Add Document from URL
curl -X POST http://localhost:8000/v1/documents/url \
-H "Content-Type: application/json" \
-d '{"url": "https://example.com/article.html"}'
Python Client
from openai import OpenAI
client = OpenAI(
base_url="http://localhost:8000/v1",
api_key="not-needed" # API key not validated
)
response = client.chat.completions.create(
model="DocRAG-GLM-4.7",
messages=[
{"role": "user", "content": "Explain quantum computing"}
],
stream=True
)
for chunk in response:
if chunk.choices[0].delta.content:
print(chunk.choices[0].delta.content, end="")
Configuration
Configure via environment variables or .env file:
| Variable | Default | Description |
|---|---|---|
HOST |
0.0.0.0 |
Server host |
PORT |
8000 |
Server port |
DEBUG |
false |
Enable debug mode |
MODEL_NAME |
DocRAG-GLM-4.7 |
Display model name |
UPSTREAM_MODEL |
glm-4.7 |
Upstream model to use |
ZAI_API_KEY / OPENROUTER_API_KEY |
(required) | API key for upstream LLM (OpenRouter) |
EMBEDDING_MODEL |
text-embedding-3-small |
Embedding model |
VECTOR_STORE_PATH |
./data/vectors |
Vector store location |
DOCUMENTS_PATH |
./data/documents |
Document storage |
CHUNK_SIZE |
1000 |
Document chunk size |
CHUNK_OVERLAP |
200 |
Chunk overlap |
TOP_K_RESULTS |
5 |
Number of context results |
ENABLE_TOOLS |
true |
Enable tool support |
Project Structure
docrag/
├── main.py # FastAPI application entry point
├── rag/
│ ├── __init__.py # RAG system main class
│ ├── document_processor.py # Document parsing and chunking
│ ├── vector_store.py # Vector storage and search
│ └── retriever.py # Context retrieval logic
├── tools/
│ └── __init__.py # Tool management (website_downloader, etc.)

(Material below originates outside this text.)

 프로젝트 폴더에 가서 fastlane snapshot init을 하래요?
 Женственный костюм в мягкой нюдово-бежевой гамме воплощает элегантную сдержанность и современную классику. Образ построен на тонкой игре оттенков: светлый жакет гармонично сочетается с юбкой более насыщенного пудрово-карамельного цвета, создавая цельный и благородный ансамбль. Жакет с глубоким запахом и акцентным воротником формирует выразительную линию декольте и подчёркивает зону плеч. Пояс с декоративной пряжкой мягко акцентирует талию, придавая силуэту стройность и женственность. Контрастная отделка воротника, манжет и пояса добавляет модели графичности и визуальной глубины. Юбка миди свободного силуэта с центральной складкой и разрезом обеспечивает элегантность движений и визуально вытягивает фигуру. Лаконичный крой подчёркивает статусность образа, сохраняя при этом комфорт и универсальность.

├── website-downloader.py # CLI website downloader
├── website_downloader_tool.py # Tool wrapper for GLM-4.7-Flash
├── requirements.txt # Python dependencies
├── .env.example # Configuration template
└── README.md # This file
How It Works
Request Flow
- User sends message → OpenAI-compatible endpoint receives request
- RAG Retrieval → Query is processed and relevant context is retrieved
- Context Enhancement → Retrieved context is added to the prompt
- Tool Execution → If needed, tools are invoked (e.g., website_downloader)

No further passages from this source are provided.